Eine Frau, die ihrem schwer kranken Mann auf dessen Wunsch hin eine tödliche Dosis Insulin gespritzt hat, wurde vom Bundesgerichtshof (BGH) freigesprochen. Die Deutsche Gesellschaft für Humanes Sterben (DGHS) begrüßt die BGH-Entscheidung, die am vergangenen Donnerstag veröffentlicht wurde.
DGHS-Präsident Prof. Robert Roßbruch begrüßt das jetzt veröffentlichte Urteil (BGH, Beschluss vom 28.06.2022 – 6 StR 68/21) als wichtige Richtungsentscheidung. Er betont: "Diese Grundsatzentscheidung bestärkt signifikant das Freiheitsrecht des Einzelnen, über das eigene Leben zu bestimmen und dabei auch Hilfe in Anspruch nehmen zu dürfen, wie es das Bundesverfassungsgericht vor mittlerweile zweieinhalb Jahren bekräftigt hatte. Ganz entscheidend ist, dass die wohlüberlegte Freiverantwortlichkeit des Sterbewunsches eindeutig gegeben ist."
Diese richtungsweisende Entscheidung werde, so Roßbruch, Auswirkung auf die Überlegungen im Bundestag haben, ob und wie eine gesetzliche Regelung für die Durchführung von Freitodbegleitungen geschaffen werden soll. Der Bundesgerichtshof (BGH) hat mit seiner Entscheidung vom 28. Juni die Ehefrau eines Verstorbenen vom Vorwurf der Tötung auf Verlangen (§ 216 StGB) freigesprochen. Die ausgebildete Krankenschwester hatte ihrem Mann nicht nur die Medikamente zurechtgestellt, die der pflegebedürftige Diabetiker in Tatherrschaft selber einnahm, sondern ergänzend in Überdosis Insulin gespritzt. In der ersten Instanz war sie wegen "Tötung auf Verlangen" zu einem Jahr Freiheitsstrafe auf Bewährung verurteilt worden.

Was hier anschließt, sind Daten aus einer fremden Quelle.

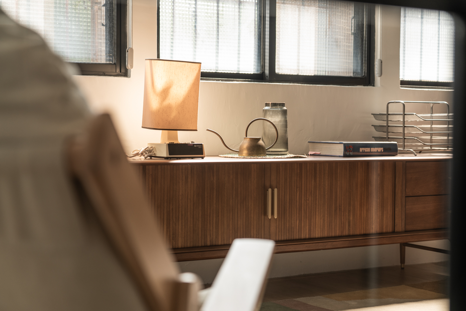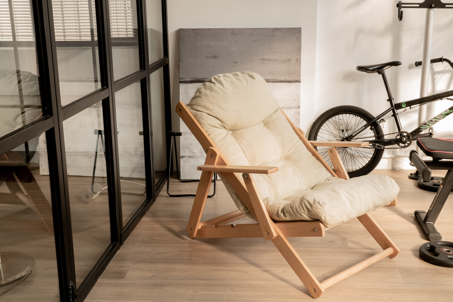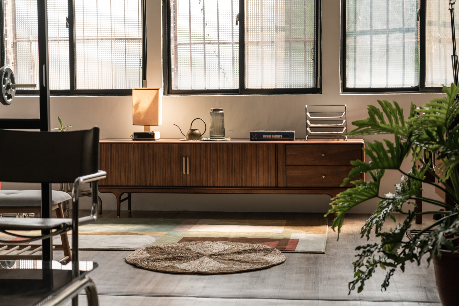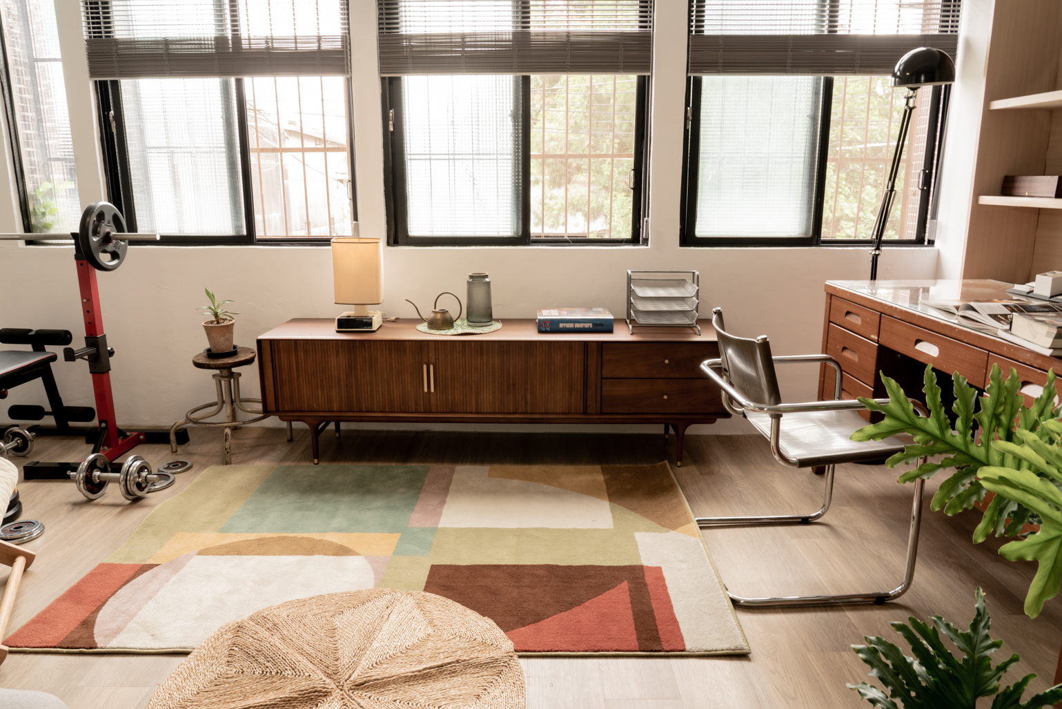 玻璃門另外隔出一個空間區域,可視需求改變陳設作為工作室、房間、種植綠植的裡陽台等空間。

Enge Angehörige wie auch Ärzte unterliegen grundsätzlich einer Garantenpflicht für Leben und Unversehrtheit schutzbedürftiger Personen. Diese Rechtsprechung hat bereits mit den beiden Grundsatzurteilen des 6. Strafsenats des BGH vom 3. Juli 2019 eine Wendung erfahren, betont DGHS-Präsident Robert Roßbruch, selbst Rechtsanwalt, in einer ersten Stellungnahme. Nun lege der 6. Strafsenat des BGH im Bereich der Tötung auf Verlangen (§ 216 StGB) nach.

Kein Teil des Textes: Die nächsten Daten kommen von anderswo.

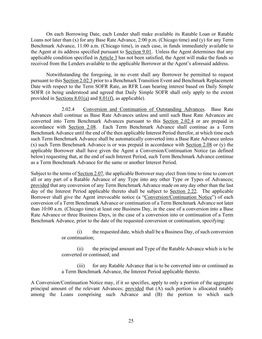 25 On each Borrowing Date, each Lender shall make available its Ratable Loan or Ratable Loans not later than (x) for any Base Rate Advance, 2:00 p.m. (Chicago time) and (y) for any Term Benchmark Advance, 11:00 a.m. (Chicago time), in each case, in funds immediately available to the Agent at its address specified pursuant to Section 9.01. Unless the Agent determines that any applicable condition specified in Article 3 has not been satisfied, the Agent will make the funds so received from the Lenders available to the applicable Borrower at the Agent’s aforesaid address. Notwithstanding the foregoing, in no event shall any Borrower be permitted to request pursuant to this Section 2.02.3 prior to a Benchmark Transition Event and Benchmark Replacement Date with respect to the Term SOFR Rate, an RFR Loan bearing interest based on Daily Simple SOFR (it being understood and agreed that Daily Simple SOFR shall only apply to the extent provided in Sections 8.01(a) and 8.01(f), as applicable). 2.02.4 Conversion and Continuation of Outstanding Advances. Base Rate Advances shall continue as Base Rate Advances unless and until such Base Rate Advances are converted into Term Benchmark Advances pursuant to this Section 2.02.4 or are prepaid in accordance with Section 2.08. Each Term Benchmark Advance shall continue as a Term Benchmark Advance until the end of the then applicable Interest Period therefor, at which time each such Term Benchmark Advance shall be automatically converted into a Base Rate Advance unless (x) such Term Benchmark Advance is or was prepaid in accordance with Section 2.08 or (y) the applicable Borrower shall have given the Agent a Conversion/Continuation Notice (as defined below) requesting that, at the end of such Interest Period, such Term Benchmark Advance continue as a Term Benchmark Advance for the same or another Interest Period. Subject to the terms of Section 2.07, the applicable Borrower may elect from time to time to convert all or any part of a Ratable Advance of any Type into any other Type or Types of Advances; provided that any conversion of any Term Benchmark Advance made on any day other than the last day of the Interest Period applicable thereto shall be subject to Section 2.22. The applicable Borrower shall give the Agent irrevocable notice (a “Conversion/Continuation Notice”) of each conversion of a Term Benchmark Advance or continuation of a Term Benchmark Advance not later than 10:00 a.m. (Chicago time) at least one Business Day, in the case of a conversion into a Base Rate Advance or three Business Days, in the case of a conversion into or continuation of a Term Benchmark Advance, prior to the date of the requested conversion or continuation, specifying: (i) the requested date, which shall be a Business Day, of such conversion or continuation; (ii) the principal amount and Type of the Ratable Advance which is to be converted or continued; and (iii) for any Ratable Advance that is to be converted into or continued as a Term Benchmark Advance, the Interest Period applicable thereto. A Conversion/Continuation Notice may, if it so specifies, apply to only a portion of the aggregate principal amount of the relevant Advances; provided that (A) such portion is allocated ratably among the Loans comprising such Advance and (B) the portion to which such

Der BGH-Senat begründet seinen Freispruch unter anderem so: "Er hält es für naheliegend, dass § 216 Abs. 1 StGB einer verfassungskonformen Auslegung bedarf, wonach jedenfalls diejenigen Fälle vom Anwendungsbereich der Norm ausgenommen werden, in denen es einer sterbewilligen Person faktisch unmöglich ist, ihre frei von Willensmängeln getroffene Entscheidung selbst umzusetzen, aus dem Leben zu scheiden, sie vielmehr darauf angewiesen ist, dass eine andere Person die unmittelbar zum Tod führende Handlung ausführt."